───── EXERCISE INPUT ─────

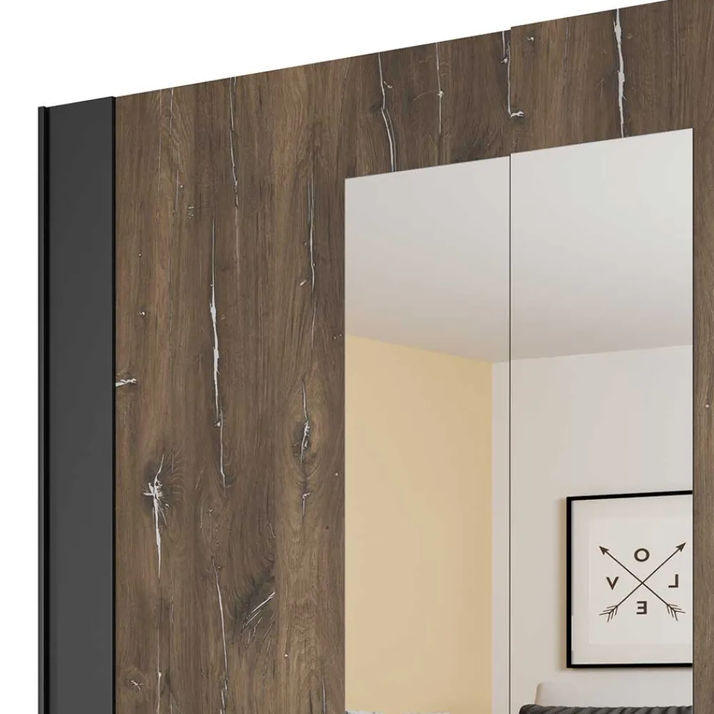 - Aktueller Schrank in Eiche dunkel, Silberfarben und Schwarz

─────
───── EXERCISE INPUT ─────

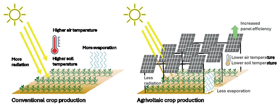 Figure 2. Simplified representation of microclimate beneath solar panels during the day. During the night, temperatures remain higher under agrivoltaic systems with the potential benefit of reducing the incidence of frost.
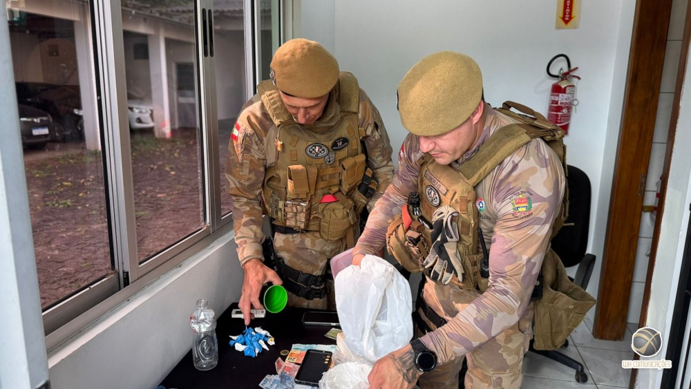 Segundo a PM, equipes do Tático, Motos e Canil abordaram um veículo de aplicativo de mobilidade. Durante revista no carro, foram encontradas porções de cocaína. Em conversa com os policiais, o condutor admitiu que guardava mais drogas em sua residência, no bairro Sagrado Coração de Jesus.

─────

Look above and copy only the lines from the one holding "Figure 2. Simplified" to the one holding "Segundo a PM, equipes", both included, exactly, minus the pictures.

 Figure 2. Simplified representation of microclimate beneath solar panels during the day. During the night, temperatures remain higher under agrivoltaic systems with the potential benefit of reducing the incidence of frost.
 Segundo a PM, equipes do Tático, Motos e Canil abordaram um veículo de aplicativo de mobilidade. Durante revista no carro, foram encontradas porções de cocaína. Em conversa com os policiais, o condutor admitiu que guardava mais drogas em sua residência, no bairro Sagrado Coração de Jesus.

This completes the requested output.